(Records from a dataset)
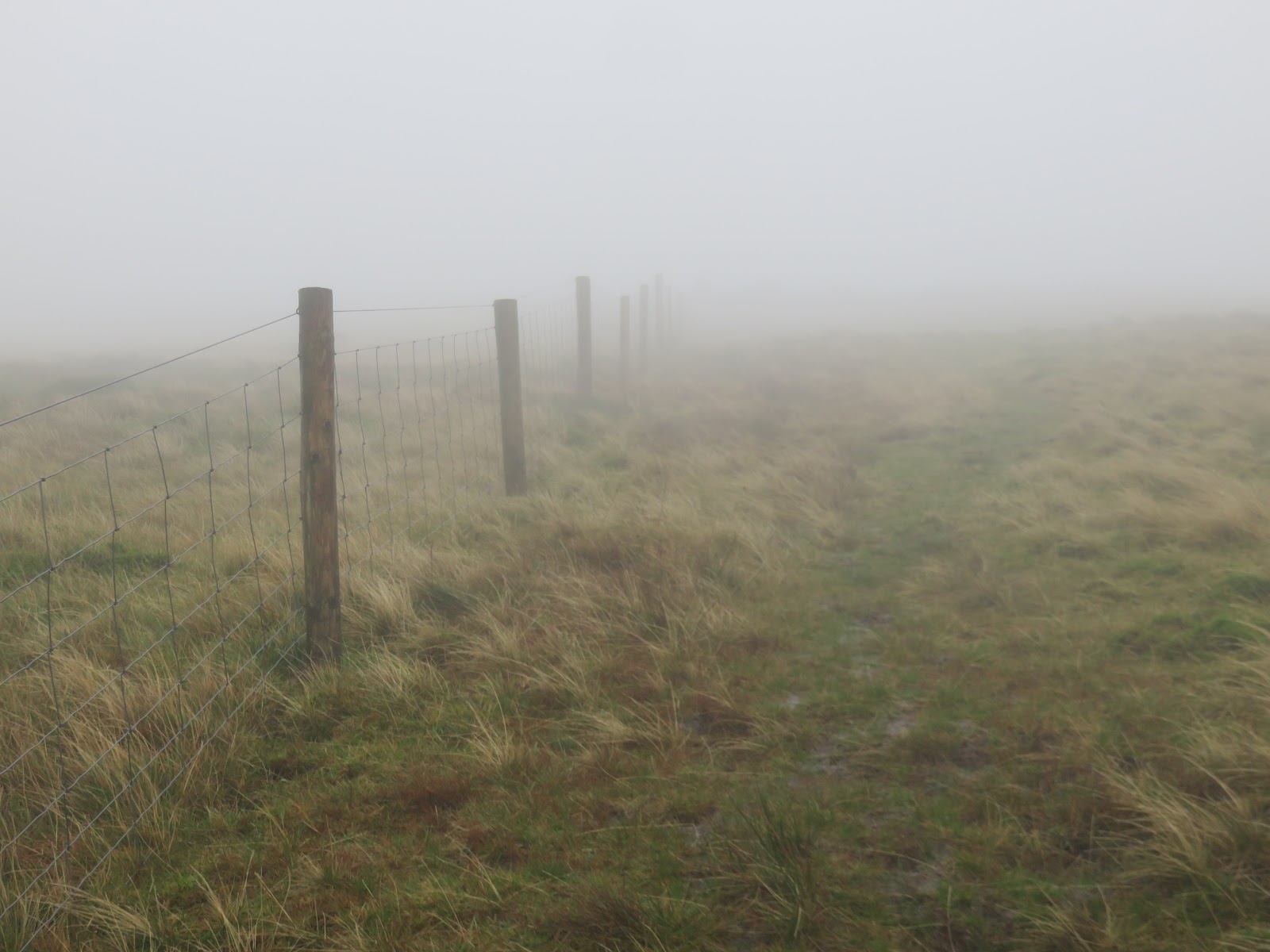 After a short distance, I reached a gate which allows you into the Open Access land beyond. With the fence on my left and the wind and rain on my back, I continued up the hill along Pikes Edge.
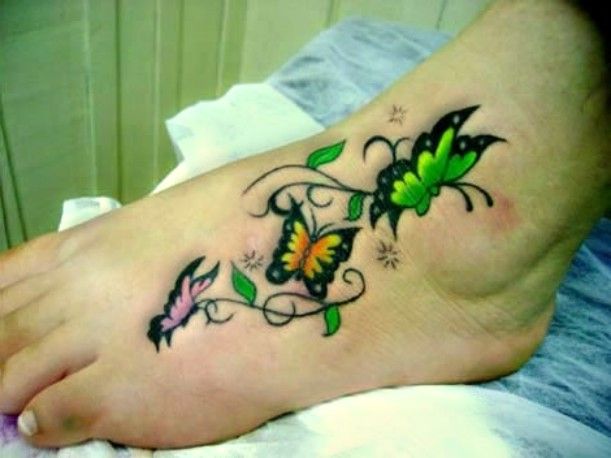 motyle tatuaże na stopie
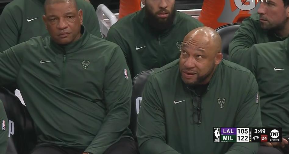 發(fā)布時(shí)間:2025年03月14日 10:58點(diǎn)擊:欄目:籃球新聞 除特別注明外,本站所有內(nèi)容均為九球直播整理排版,轉(zhuǎn)載請(qǐng)注明出處:湖人投降!鏡頭對(duì)準(zhǔn)雄鹿教練席:老里愜意哈姆爽嚼口香糖 本文標(biāo)簽: 籃球 nba 湖人 雄鹿
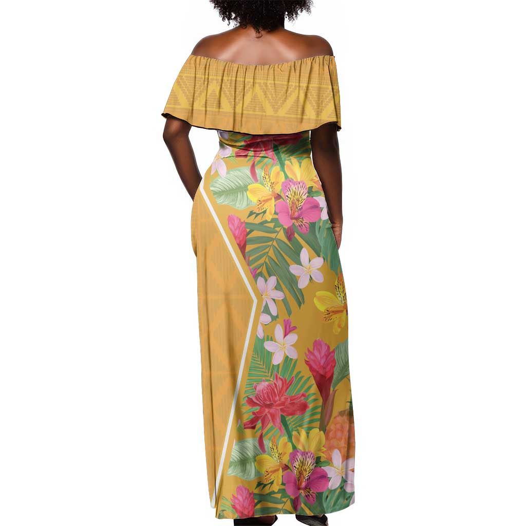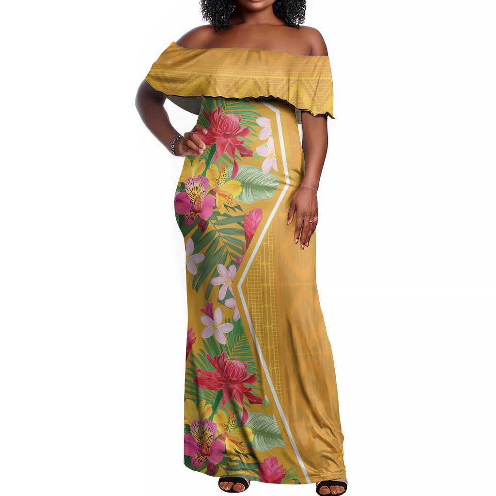 Afro Tropical Flowers Off Shoulder Maxi Dress Yellow Version
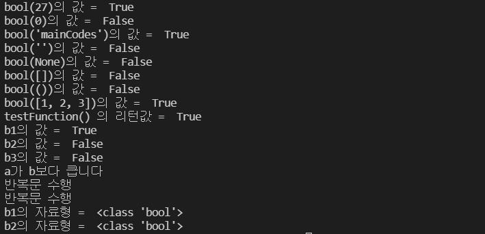 print("bool('mainCodes')의 값 = ", bool('mainCodes')) #결과 : True
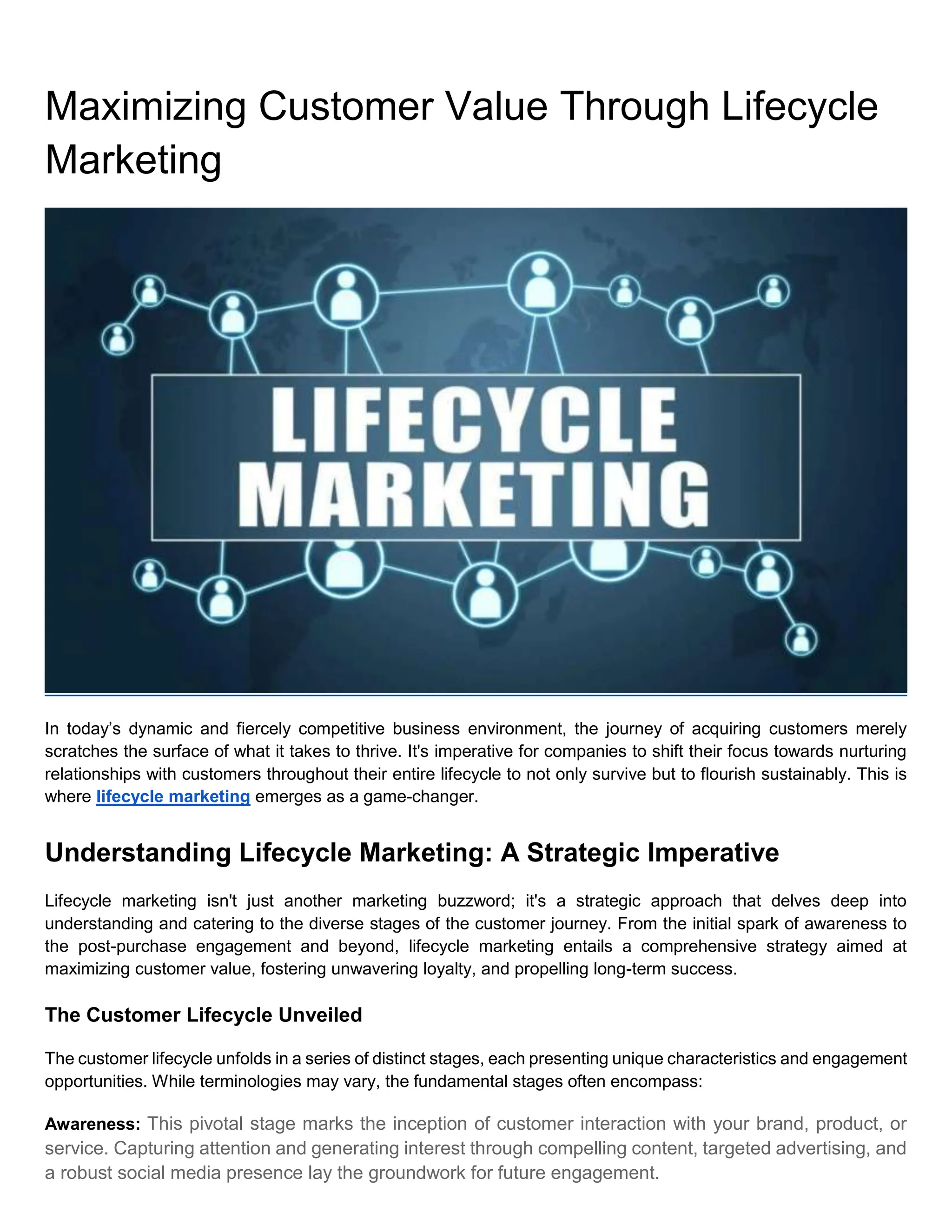 In today’s dynamic and fiercely competitive business environment, the journey of acquiring customers merely scratches the surface of what it takes to thrive. It's imperative for companies to shift their focus towards nurturing relationships with customers throughout their entire lifecycle to not only survive but to flourish sustainably. This is where lifecycle marketing emerges as a game-changer.
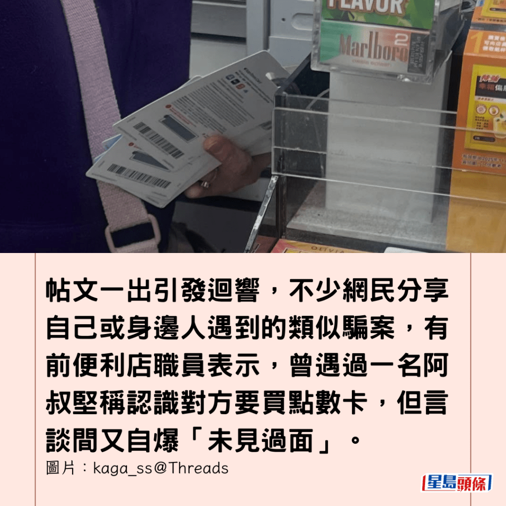 帖文一出引發迴響,不少網民分享自己或身邊人遇到的類似騙案,有前便利店職員表示,曾遇過一名阿叔堅稱認識對方要買點數卡,但言談間又自爆「未見過面」。
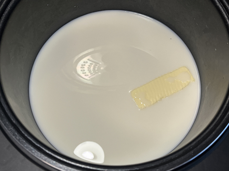Для этих целей мы подготовили ультрапастеризованное молоко, которому не страшно провести ночь при комнатной температуре, пшено, немного воды, 1,5 столовых ложки сахара, чайную ложку соли и сливочное масло.
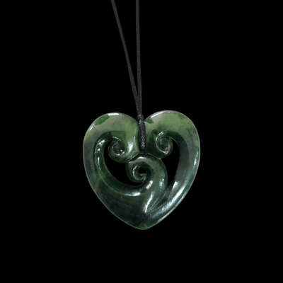 NZ Kawakawa Pounamu Triple Koru Heart Pendant TKH 001
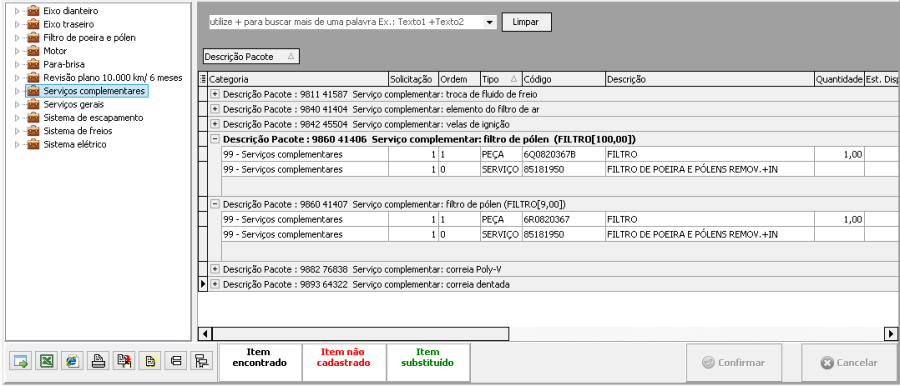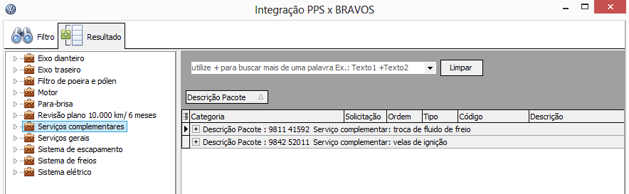 Para a categoria de <Serviços complementares>, serão exibidos somente os pacotes que atendam uma determinada regra, definida pela VW/Audi, com base no modelo (model code), KM e tempo (o que ocorrer primeiro), de acordo com o plano de serviço. Conforme demonstrado na tela que segue:
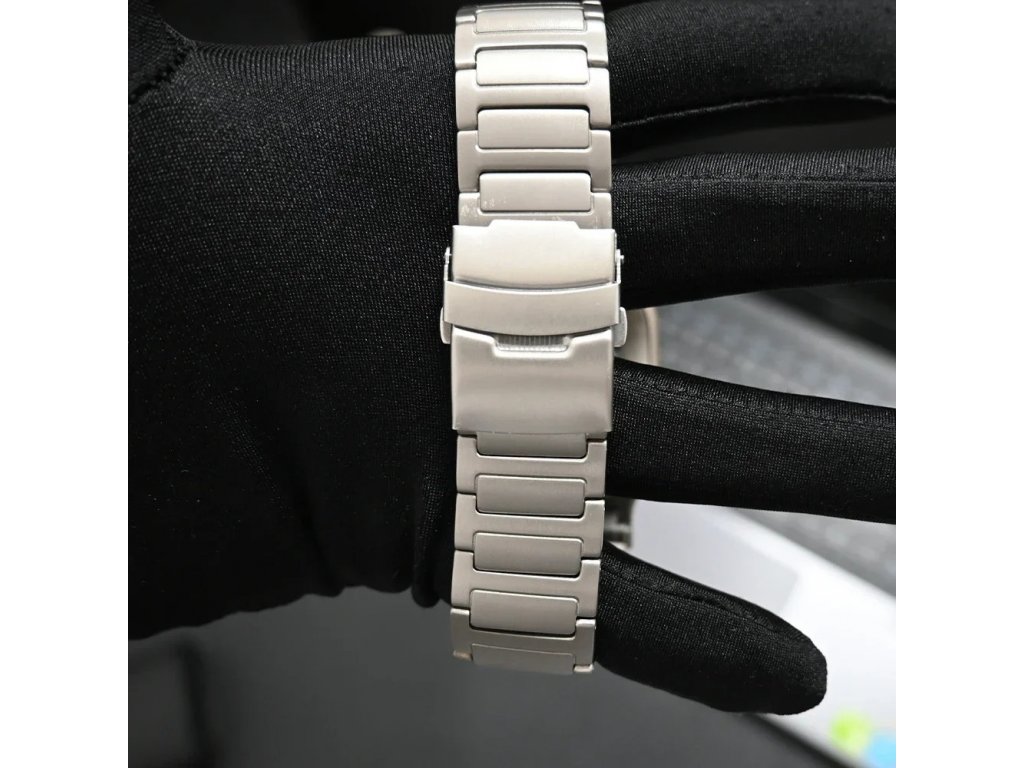 Titanová slitina je mnohem lehčí než klasické kovové řemínky. Tento řemínek váží 99g, při kompletní délce (obvykle je nutné zkracovat, takže výsledná váha bude nižší). Kovová upínací spona, titanový řemínek.
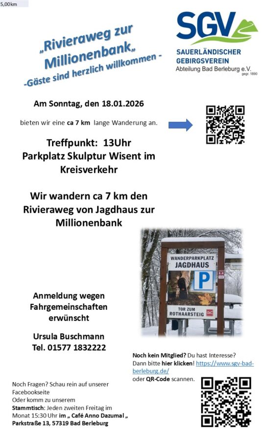 Am Sonntag, den 18.1.2026 Rivieraweg zur Millionenbank
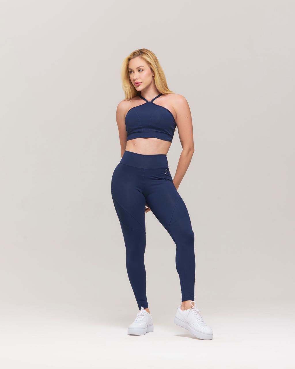 Conjunto em poliamida com elastano, sustentação e estilo para treinos.
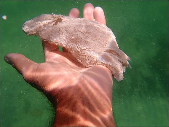 Drop it did and the water went pancake, with only ripples hitting the beach. With optimism I went in only to be greeted by a pea soup visibility. Not a huge surprise, as it needs time for the sediment and weed to settle out. Seeing I was in the water I went for a look anyway. My only find of note being two spawn masses from the Giant Troubridge Head-shield Slug, a slug that feeds on other burrowing slugs and eats them whole. How do I know this you may ask, well I came across the same sack like discovery off Higgins Cut a few weeks back and managed to get it identified on QuestaGame:
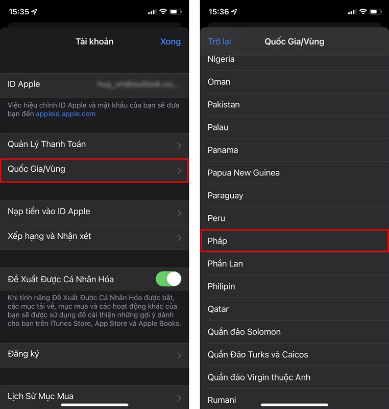 Bước 2: Tiến hành chọn Quốc Gia/Vùng > Lựa chọn tên quốc gia mà bạn muốn đổi.

■ What needs to be done
If a picture appears among the records, leave it out, and otherwise reproduce exactly every line from the first line through the one with "motyle tatuaże na stopie", both included.

■ Your response
 After a short distance, I reached a gate which allows you into the Open Access land beyond. With the fence on my left and the wind and rain on my back, I continued up the hill along Pikes Edge.
 motyle tatuaże na stopie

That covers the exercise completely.